Iterator Checkers: Understanding Bindings


I think I am on the good path to create iterator checkers for the Clang Static Analyzer. I already executed some experiments successfully, however to do that I needed to “hack” the infrastructure. Now the next step is to create a proper solution instead of the hacking which is unacceptable and would probably brake the system.

My first iterator checker is a very simple checker that tries to recognize cases where an iterator is dereferenced or incremented past its end. To do that I first catch the symbolic value of calls to end() functions that return an iterator type. At this point (checkPostCall) the return value is symbolic which is good. The next step is to post-check comparisons but here I get a temporary instead.
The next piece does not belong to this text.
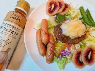 和風ハンバーグを作ってガーリックオイルをかけて大根おろしに少しのお醤油+野菜もガーリックオイルで美味しく頂けました美味しいと家族も喜んでいました。

The good news is that this temporary is default bound to the same symbol I got from the return value of end(). The bad news is that this default binding is buried and irretrievable in the current Static Analyzer core.

The key function to retrieve binding is RegionStoreManager::getBinding() in RegionStore.cpp. However, this function only retrieves direct bindings. I could not find too much documentation about the two types of bindings, I could only find out the default binding is used for structure members where the members are not direct bound but the structure itself has a default binding. I found nothing about what should happen when retrieving the binding for the structure itself where it only has a default binding.

The situation is even worse here. The name of function getBinding() is a bit misleading because it does not even retrieve a direct binding even if it exists. In case of structures or class types it creates a lazy compound value even if the binding exists. Why is this behavior? The lazy compound value then can be used to get back the original structure/class, thus the temporary. This is just a round trip and does not help to retrieve the binding, even if this would be a direct binding. After an assignment of the return value to a variable, checking the variable (e.g. as an operand of a pre- or postCall checker) a symbol is of course bound to the variable as well. However in this case the binding could be retrieved if it would be a direct binding, because in this case it is not considered a struct/class anymore but as a variable region.

Could somebody help me to understand why bindings behave this way and what to change to be able to retrieve these default bindings? The are essential for all iterator checkers which are needed by many projects.

Thank you for your cooperation in advance!